From: Molecular characterization of retinal stem cells and their niches in adult zebrafish

Figure 5

Injury-induced retinal progenitors regenerate cone photoreceptors within a week. A) At 4 dpl, proliferating cells (BrdU; magenta) fill the lesioned area (asterisks) in which double cones immunoreactive for zpr1 (green) are missing. Scale bar = 250 μm. B) By 7 dpl, some retinal progenitors that were labeled with BrdU (magenta) at 4 dpl have begun to differentiate into cones and are double-labeled with zpr1 (green). Boxed areas are shown at higher magnification in the insets; double-labeled cells are white. C) By 31 dpl fully differentiated, regenerated cone photoreceptors (zpr1; green) are labeled with BrdU (magenta) injected at 3 dpl (double-labeled white nuclei are indicated by black arrows). Unidentified BrdU+ nuclei are seen in the inner retina.
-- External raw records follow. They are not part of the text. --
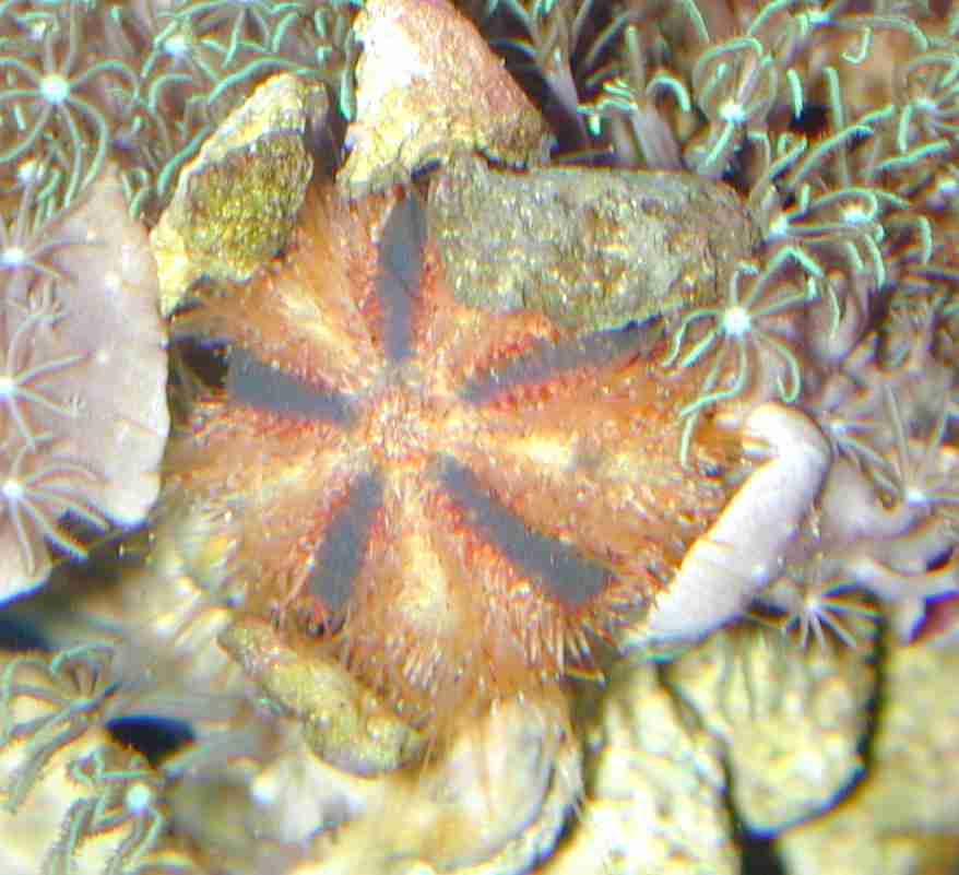 良く藻類を食べ、その割には石灰藻を削らないので、リーフアクアリウムには勧められるウニ。
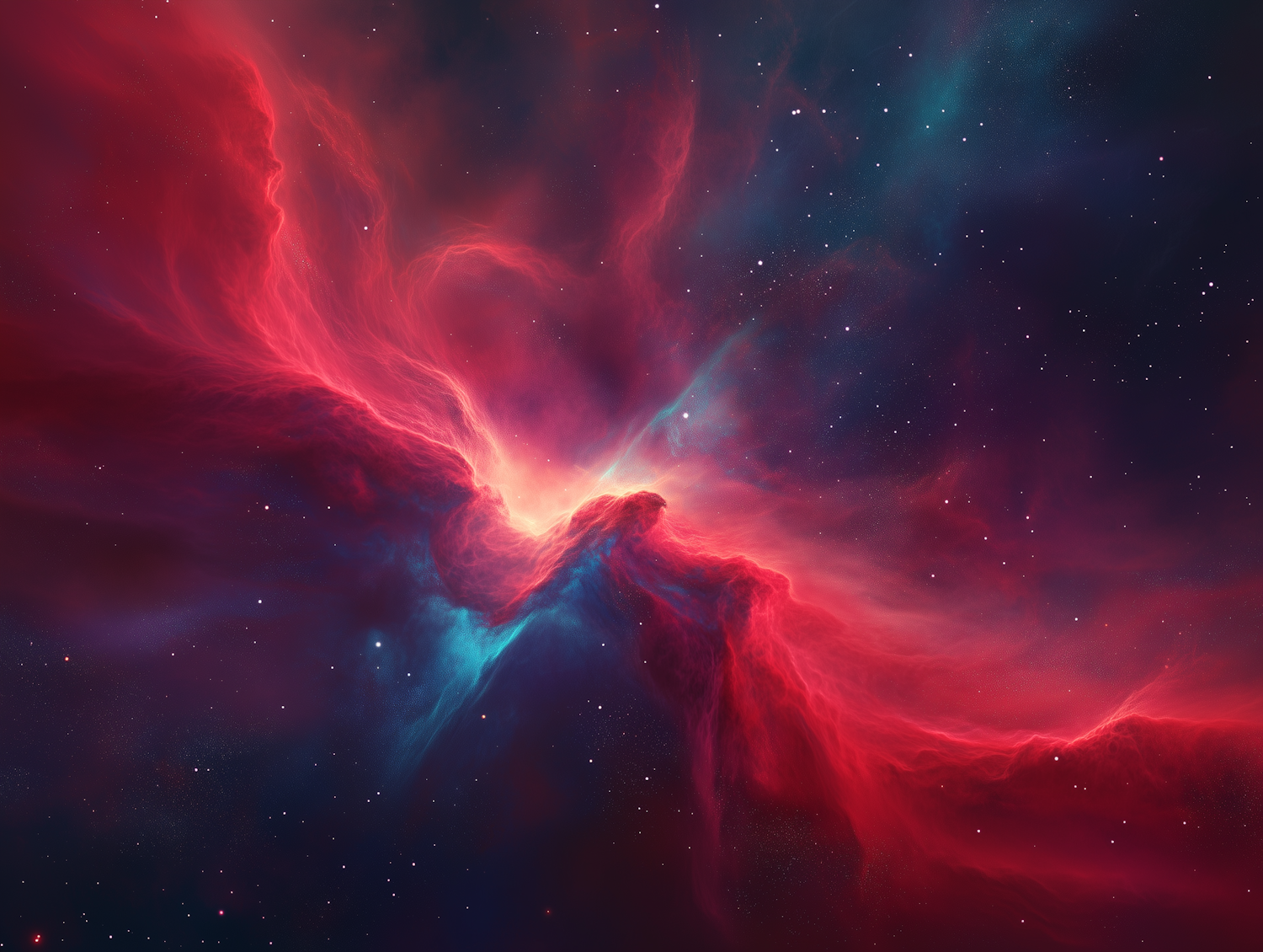 A stunning cosmic nebula with vibrant red and blue hues, illuminated by a radiant light source, surrounded by scattered stars.
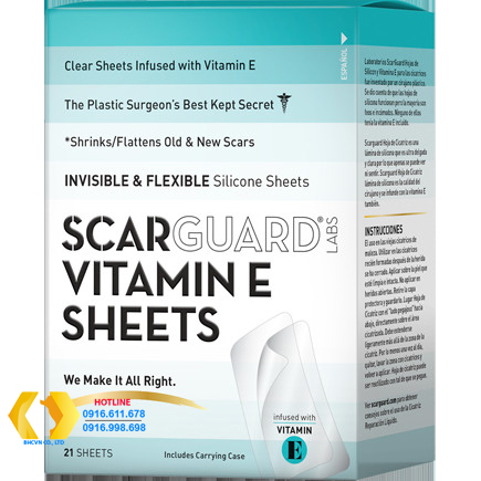 Thông báo: Từ tháng 9.2017, Hãng Scarguard của Mỹ đã đổi mẫu hộp Scarsheet thành Scarguard - Vitamin - E - Sheets
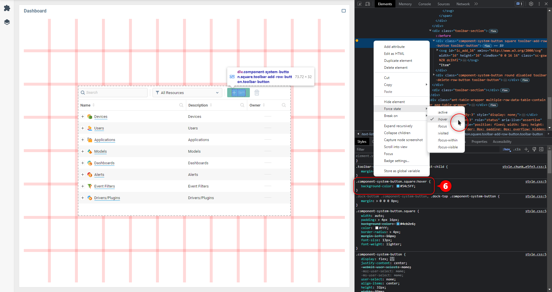 1. Чтобы узнать, что отвечает за стиль элемента в наведенном состоянии, принудительно включите это состояние, открыв контекстное меню правым щелчком на элементе в дереве документа и выбрав состояние :hover из группы Установить состояние (или аналогичной).
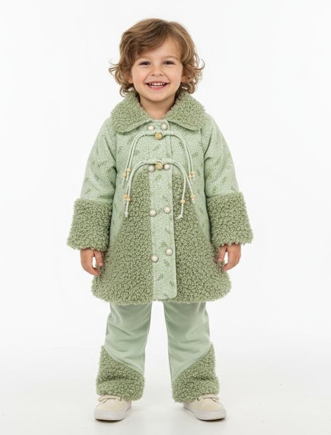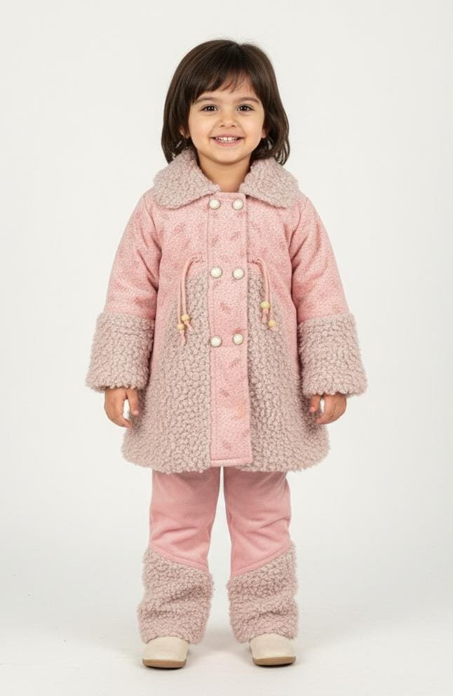 Stylish baby girl winter suit with sherpa coat and matching trousers — warm, cozy, and fashionably designed for chilly days.
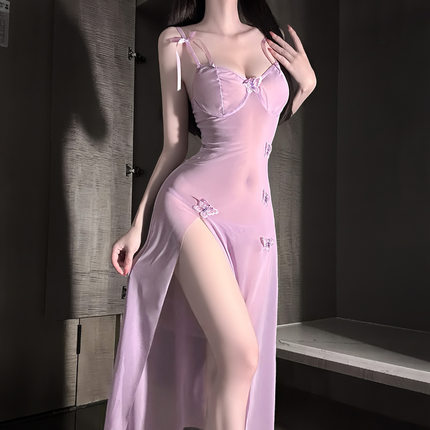情趣内衣带钢圈性感透视网纱诱惑露背聚拢小胸约会战袍吊带睡衣裙
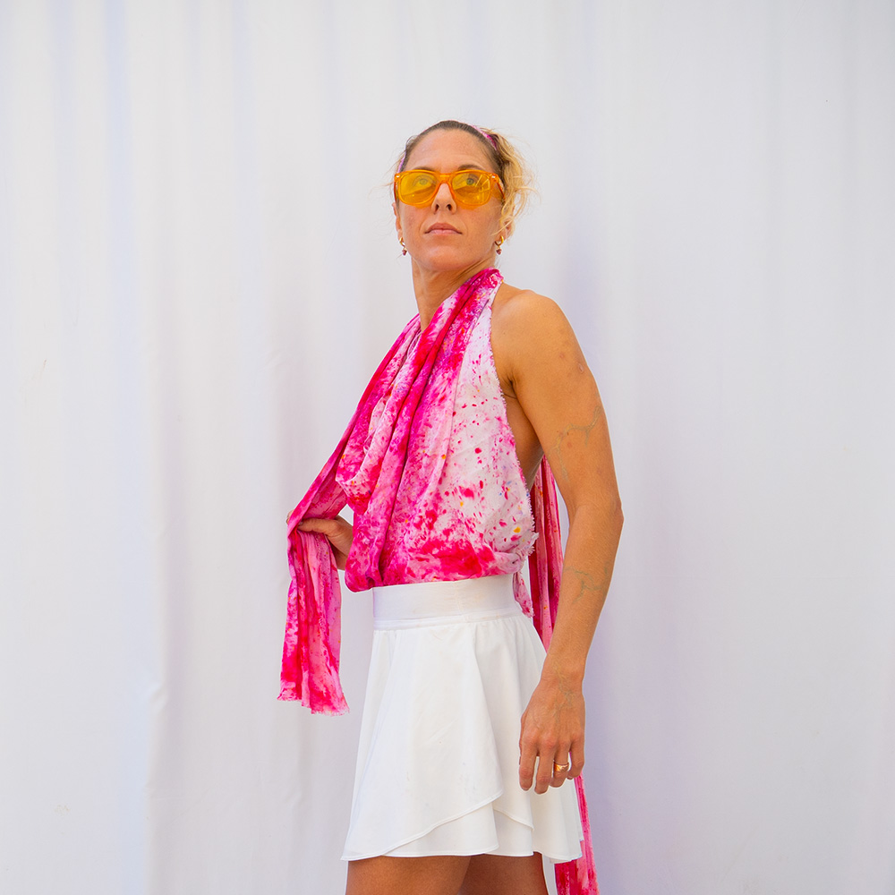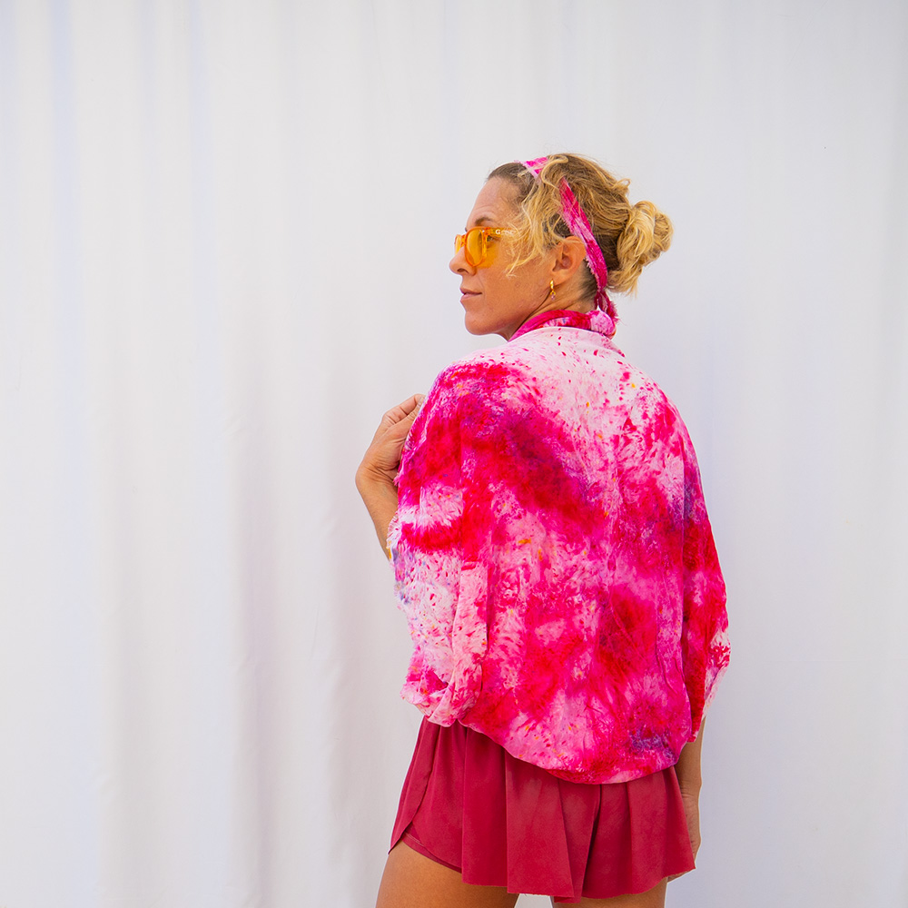 The Light Fuchsia Wild Rag is a 36×36 inch square scarf cut from 100% Rayon. Rayon drapes with a fluid, silk-like weight that holds a knot beautifully and moves with you all day. Each piece is hand dash-dyed using Dharma Procion MX fiber reactive dye — a powder pigment mixed with a fixative and applied in small, intentional dashes so the color sets permanently into the fiber. No two pieces are identical. Care: machine wash cold, gentle cycle. Hang or lay flat to dry. Do not iron.

D) Cocktail of riboprobes to cone opsins (green) identifies BrdU+ (magenta), regenerated cones at 31 dpl (double-labeled white nuclei are indicated by black arrows). BrdU+ rod nuclei (magenta) are in the inner part of the outer nuclear layer, ONL. E) Müller glia in a transgenic zebrafish Tg(gfap:GFP)mi2001 are labeled with anti-GFP (green) and co-express apoE (magenta, in situ hybridization) in their cell bodies. F) At 4 dpl, most BrdU+ proliferating nuclei are in the outer nuclear layer, ONL, but a few apoE+ Müller glial cells are also BrdU+ (inset). Radial fibers of Müller glia are labeled with zpr1/anti-GFAP (blue).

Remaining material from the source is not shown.